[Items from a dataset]
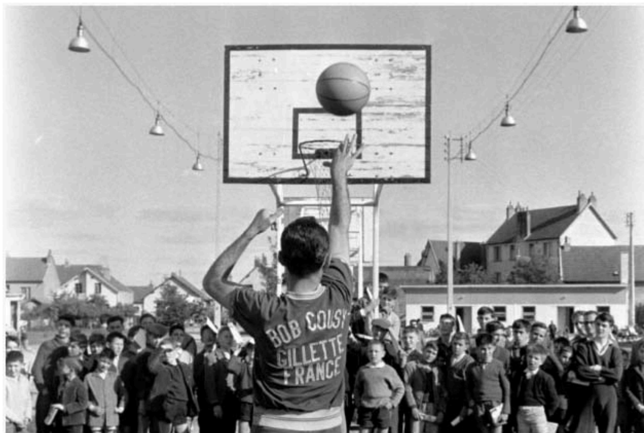
Cousy et ses cinq titres NBA face aux élèves d'une école française, en 1962.

Au printemps 1962 un basketteur star de Boston « Bob Cousy » vient faire une démonstration pour les joueurs de l'Hermine.
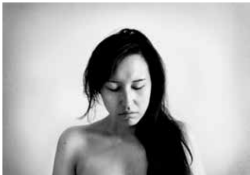
Jukke Rosing Moment of weakness, 2018

Fotograf Jukke Rosing giver os et indblik i en verden fyldt med spørgsmål og uafklaret identitet. Mange af os oplever på et tidspunkt
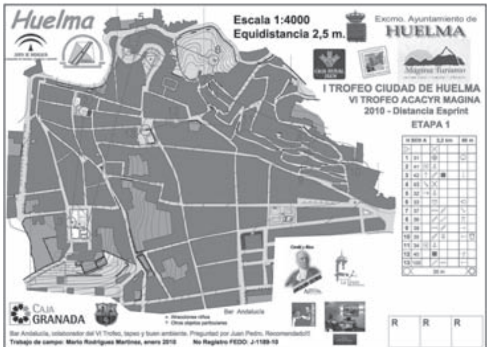
Mapa Huelma - E1 Sprint Hombres Senior
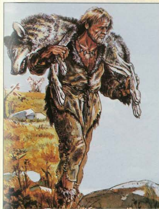
Bild 6: In Zeiten des Überflusses profitierten die „Pariawölfe“ der Eiszeit vom Jagdglück des Menschen; in Zeiten der Not wurden sie getötet.
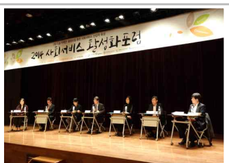
세션 2 - 토론회
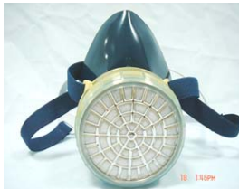
型號：GM-76 品名：單罐式防毒面具 材質：PVC 認證：日本國檢 N17
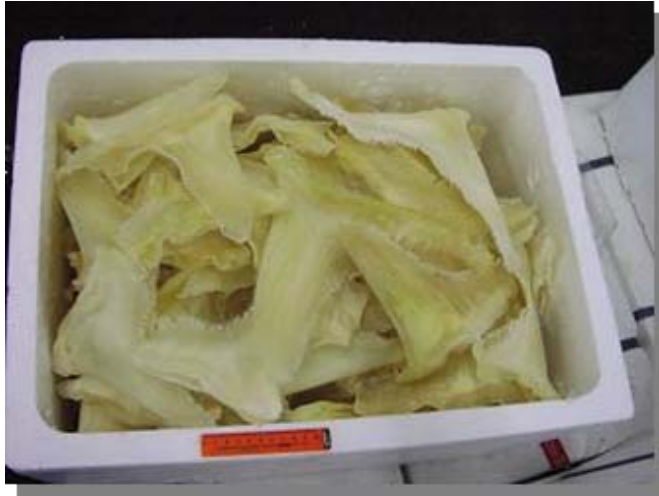
乾燥フカヒレ(過酸化水素)
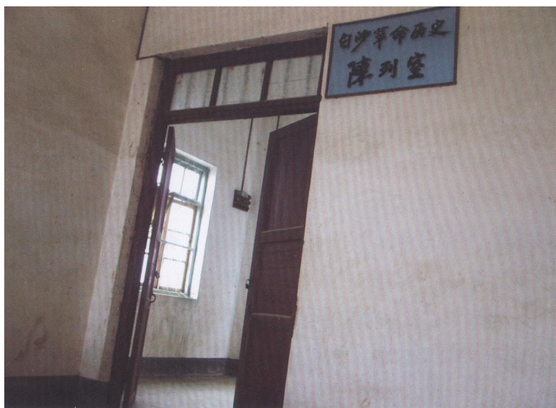
在白沙革命纪念馆内的白沙革命历史陈列室
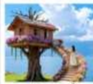
หมู่บ้านเหวินปี้
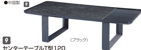
9 センターテーブルLT型120 W1200×D600×H320 ¥74,000 才数4(2ヶ口)
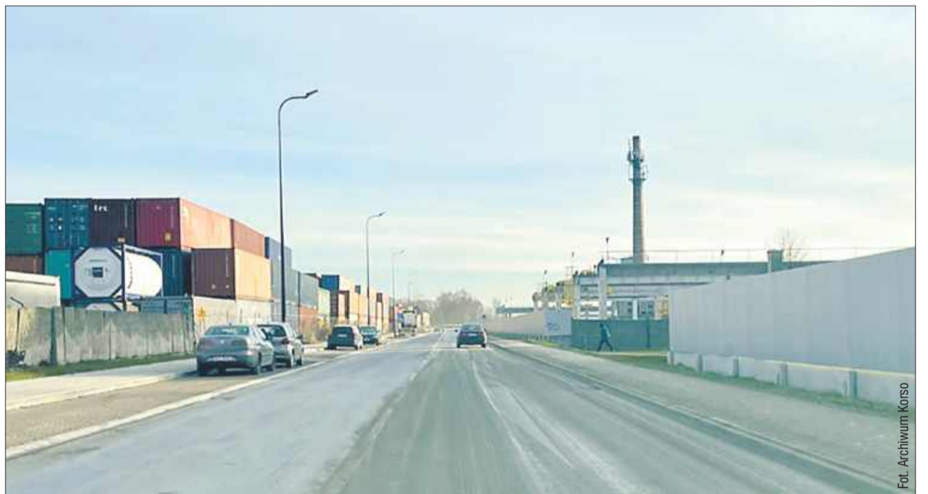
Tumany kurzu albo błoto na ulicy, z takim problemem często borykają się użytkownicy drogi przy ul. ks. Ruczki w pobliżu terminalu przeładunkowego.

Firma PCC Intermodal S.A. wskazuje, że operacje przeładunkowe są związane z koniecznością wykonywania manewrów kolejowych, co może skutkować okresowym zamknięciem przejazdu kolejowego na ul. Sokołowskiej. - Podjęto działania mające na celu ograniczenie ich uciążliwości dla mieszkańców - za-

= PROBLEM TO WORK ON =
Output the line that contains "Jukke Rosing Moment of weakness, 2018" and every subsequent line through the end of the entries, exactly as given, without pictures.

= PROBLEM SOLUTION =
Jukke Rosing Moment of weakness, 2018

Fotograf Jukke Rosing giver os et indblik i en verden fyldt med spørgsmål og uafklaret identitet. Mange af os oplever på et tidspunkt
Mapa Huelma - E1 Sprint Hombres Senior
Bild 6: In Zeiten des Überflusses profitierten die „Pariawölfe“ der Eiszeit vom Jagdglück des Menschen; in Zeiten der Not wurden sie getötet.
세션 2 - 토론회
型號：GM-76 品名：單罐式防毒面具 材質：PVC 認證：日本國檢 N17
乾燥フカヒレ(過酸化水素)
在白沙革命纪念馆内的白沙革命历史陈列室
หมู่บ้านเหวินปี้
9 センターテーブルLT型120 W1200×D600×H320 ¥74,000 才数4(2ヶ口)
Tumany kurzu albo błoto na ulicy, z takim problemem często borykają się użytkownicy drogi przy ul. ks. Ruczki w pobliżu terminalu przeładunkowego.

Firma PCC Intermodal S.A. wskazuje, że operacje przeładunkowe są związane z koniecznością wykonywania manewrów kolejowych, co może skutkować okresowym zamknięciem przejazdu kolejowego na ul. Sokołowskiej. - Podjęto działania mające na celu ograniczenie ich uciążliwości dla mieszkańców - za-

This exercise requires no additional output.